● Activity:
Write the entries out exactly. Any images they hold stay out of the copy.

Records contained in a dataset
○ ○ ○ ○ ○

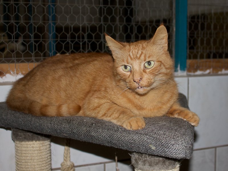 Pumuckl hat seinen neuen Kratzbaum in Berlin in Beschlag genommen.Tierheim Verlorenwasser
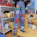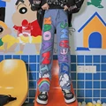 Women High Waist Jeans Japanese Harajuku Loose L Color Letters Street Straight Pants Sweet High Street Fashion Wide-leg Trousers
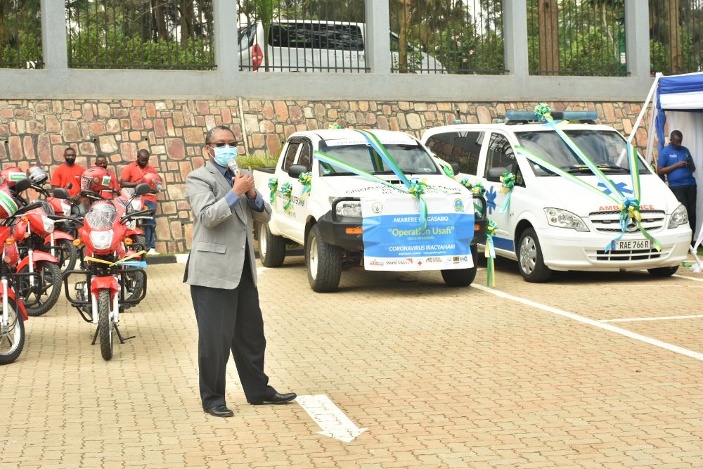 Umushyitsi mukuru mu muhango kwakira iriya mbangukiragutabara yari Minisitiri w’ubutegetsi bw’igihugu Prof Anastase Shyaka.
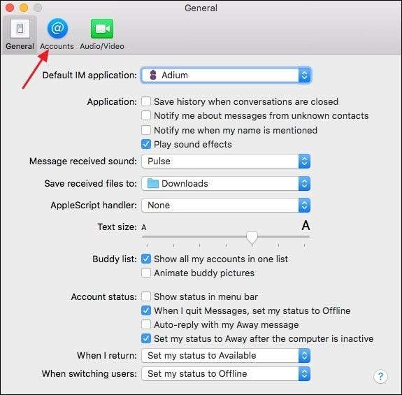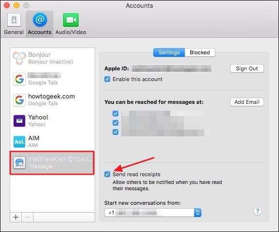 Na karcie Konta wybierz swoje konto iMessage po lewej stronie, a następnie po prawej wyłącz pole wyboru „Wysyłaj potwierdzenia odczytu”. Następnie możesz zamknąć okno Preferencje.
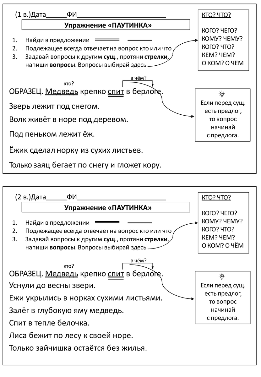 1) Учимся задавать падежные вопросы, самый длительный этап, мнооооого карточек, слово падеж не вводила до тех пор пока, дети не научились безошибочно задавать падежные вопросы в словосочетаниях и предложениях. Это упражнение у нас называлось "Паутинка": растяни стрелки и задай вопросы. Стрелки так похожи на паутинку
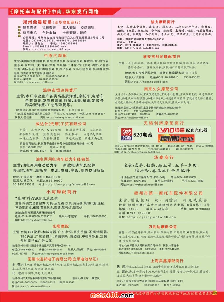 除了《西北市場(chǎng)指南》在會(huì)上投放,還有《會(huì)刊》由大會(huì)組委會(huì)分發(fā)給所有參會(huì)人員和企業(yè),我們的四月期全彩雜志以及第七期《摩托車(chē)與配件外貿(mào)報(bào)》。我們的展位在1142,歡迎在會(huì)上領(lǐng)取,指南需要名片交換,其余隨到隨取。
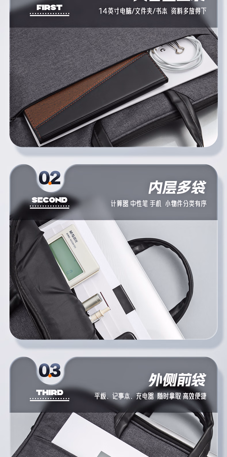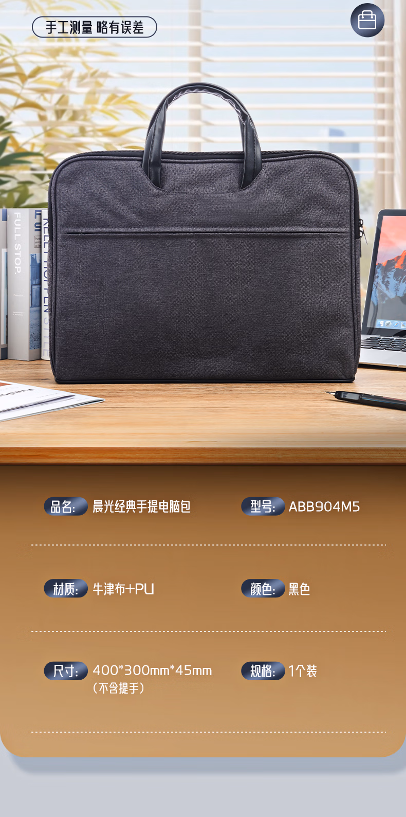 包装清单  :   晨光(M&G)文具A4经典纹手提会议包 事务包 大容量商务包电脑包 牛津布+pu材料 单个装 ABB904M5
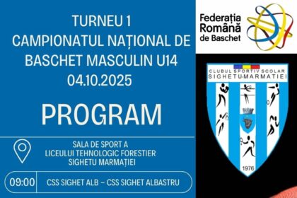 Clubul Sportiv Școlar Sighet găzduiește primul turneu din cadrul Campionatului Național de Baschet Masculin U14. Evenimentul sportiv va avea loc sâmbătă, 4 octombrie, în Sala de sport a Liceului Tehnologic Forestier din Sighetu Marmației, și face parte din seria celor 14 turnee care vor avea loc la nivel național.
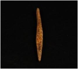 | Description / विवरण | A bone point with pointed ends, among the two pointed ends one end is broken and other end is intact, ridge along both the ends, polished surface. |
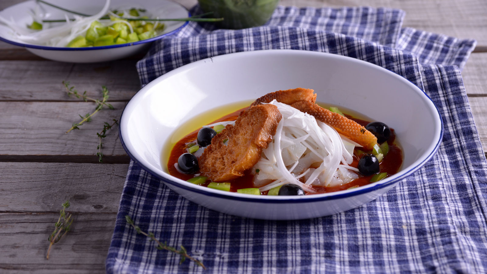 Distribuimos sobre nuestro plato las aceitunas, añadimos el tomillo, pimienta negra, el cebollino picado, un buen chorro de aceite de oliva virgen extra y terminamos acompañando con el pan frito.
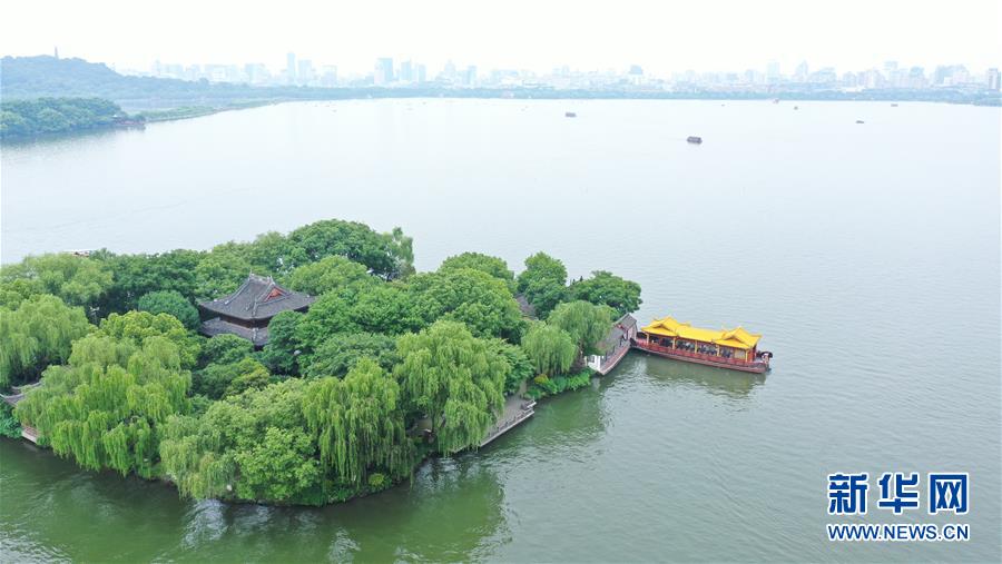 5月27日,船只在西湖湖心亭靠岸(無人機照片)。隨著氣溫升高,杭州西湖綠意蔥蘢,展現(xiàn)出柔美的湖光山色。新華社記者翁忻旸攝

○ ○ ○ ○ ○

● Solution below:
 Pumuckl hat seinen neuen Kratzbaum in Berlin in Beschlag genommen.Tierheim Verlorenwasser
 Women High Waist Jeans Japanese Harajuku Loose L Color Letters Street Straight Pants Sweet High Street Fashion Wide-leg Trousers
 Umushyitsi mukuru mu muhango kwakira iriya mbangukiragutabara yari Minisitiri w’ubutegetsi bw’igihugu Prof Anastase Shyaka.
 Na karcie Konta wybierz swoje konto iMessage po lewej stronie, a następnie po prawej wyłącz pole wyboru „Wysyłaj potwierdzenia odczytu”. Następnie możesz zamknąć okno Preferencje.
 1) Учимся задавать падежные вопросы, самый длительный этап, мнооооого карточек, слово падеж не вводила до тех пор пока, дети не научились безошибочно задавать падежные вопросы в словосочетаниях и предложениях. Это упражнение у нас называлось "Паутинка": растяни стрелки и задай вопросы. Стрелки так похожи на паутинку
 除了《西北市場(chǎng)指南》在會(huì)上投放,還有《會(huì)刊》由大會(huì)組委會(huì)分發(fā)給所有參會(huì)人員和企業(yè),我們的四月期全彩雜志以及第七期《摩托車(chē)與配件外貿(mào)報(bào)》。我們的展位在1142,歡迎在會(huì)上領(lǐng)取,指南需要名片交換,其余隨到隨取。
 包装清单  :   晨光(M&G)文具A4经典纹手提会议包 事务包 大容量商务包电脑包 牛津布+pu材料 单个装 ABB904M5
 Clubul Sportiv Școlar Sighet găzduiește primul turneu din cadrul Campionatului Național de Baschet Masculin U14. Evenimentul sportiv va avea loc sâmbătă, 4 octombrie, în Sala de sport a Liceului Tehnologic Forestier din Sighetu Marmației, și face parte din seria celor 14 turnee care vor avea loc la nivel național.
 | Description / विवरण | A bone point with pointed ends, among the two pointed ends one end is broken and other end is intact, ridge along both the ends, polished surface. |
 Distribuimos sobre nuestro plato las aceitunas, añadimos el tomillo, pimienta negra, el cebollino picado, un buen chorro de aceite de oliva virgen extra y terminamos acompañando con el pan frito.
 5月27日,船只在西湖湖心亭靠岸(無人機照片)。隨著氣溫升高,杭州西湖綠意蔥蘢,展現(xiàn)出柔美的湖光山色。新華社記者翁忻旸攝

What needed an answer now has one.